Jair Bolsonaro’s victory in Brazil’s elections could be a problem for BRICS, and therefore, a problem for India
- Earlier this week,
Jair Bolsonaro, a right-wing firebrand, won the country’s Presidential elections.
- While it is unclear just exactly what Bolsonaro’s thoughts are with respect to
India, his foreign policy is expected to be erratic and inconsistent with his predecessors.
- Foreign policy experts have predicted
Brazil’s informal retreat from the BRICSunder Bolsonaro, which would be a blow for India as the grouping is a crucial component of its global outreach strategy.
- Wary of an uncooperative and uncompromising administration, India might see Bolsonaro’s rhetoric as a reason to steer clear of any bilateral agreements with Brazil.
He benefited from a wave of resentment against the two prominent parties, the PT and the party of former President Michael Temer, the conservative PMDB, owing to a recession and host of corruption scandals.
Bolsanoro’s priorities, based on his campaign promises, seem clear: he plans to stifle political opponents on the left, allow extra-judicial killings to curb crime, roll back anti-gun measures, allocate important cabinet positions to military stalwarts and clamp down on the rights of minority groups.
India has every reason to be cautious.

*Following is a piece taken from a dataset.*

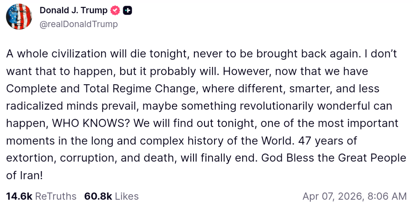 In a subsequent post, Trump asserted that Iran had agreed to keep the Strait of Hormuz open during the two-week pause in hostilities. Negotiations, he added, will proceed over that period on the basis of Iran’s 10-point plan, which he described as a “workable” foundation for talks.
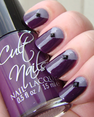 For these I used 1 coat of Cult Nails Vicious, then I taped off the V shape at my cuticle and painted one coat of Cult Nails My Kind Of Cool Aid. I then placed the square black rhinestone at the tip of the V. It wasn't until after I finished that Mr. Sparkles suggested adding the line down the middle, so I did that freehand with a striping brush. If I had planned on adding it I likely would have done so before the rhinestone in order to get a more neat line, but oh well! I am still really happy with how this turned out. I hope you guys like it too. :)

While it is unclear just exactly what Bolsonaro’s thoughts are with respect to India and whether his controversial ideas will extend to the global sphere, his foreign policy is expected to be as erratic as the man in the White House that he’s consistently been compared to over the course of his campaign.
The “Trump of the Tropics” is expected to pull out of the Paris agreement on climate change and move into the US’s embrace at a time when a lot of emerging markets are banding together amid tensions with the US.
All eyes will be on Bolsanoro as Brazil hosts the next BRICS Summit in 2019. His anti-globalist beliefs risk derailing the achievements of the group, which include the establishment of a development bank and a foreign exchange reserve swap arrangement.
For example, Bolsonaro has had a lot of aggressive rhetoric towards China, its largest trading partner, over the course of his election campaign, accusing it of trying to exert undesirable financial sway in Brazil. He has repeatedly stated that Chinese entities should not be allowed to run or own important projects in the country, indicating his aversion to foreign interests.
Trade pundits have alluded to Brazil’s informal retreat from the BRICS under Bolsonaro, which would be a blow for India as the grouping is a crucial component of its global outreach strategy.
Bolsonaro’s election victory comes at a time when India looks to expand its presence in Latin America, which has till date represented a blind spot in the nation’s foreign policy. Further, India needs to secure the support of its BRICS counterparts as it lobbies for a greater influence in global issues, especially in regards to its bid for a permanent seat on the UN Security Council.
However, wary of an uncooperative and uncompromising administration, India might see Bolsonaro’s rhetoric as a reason to steer clear of any bilateral agreements with Brazil.
This is a pity. India and Brazil have yet to fully achieve the potential of bilateral relations as trade volumes, at around $5.6 billion in 2016, are a fraction of Brazil’s trade with China.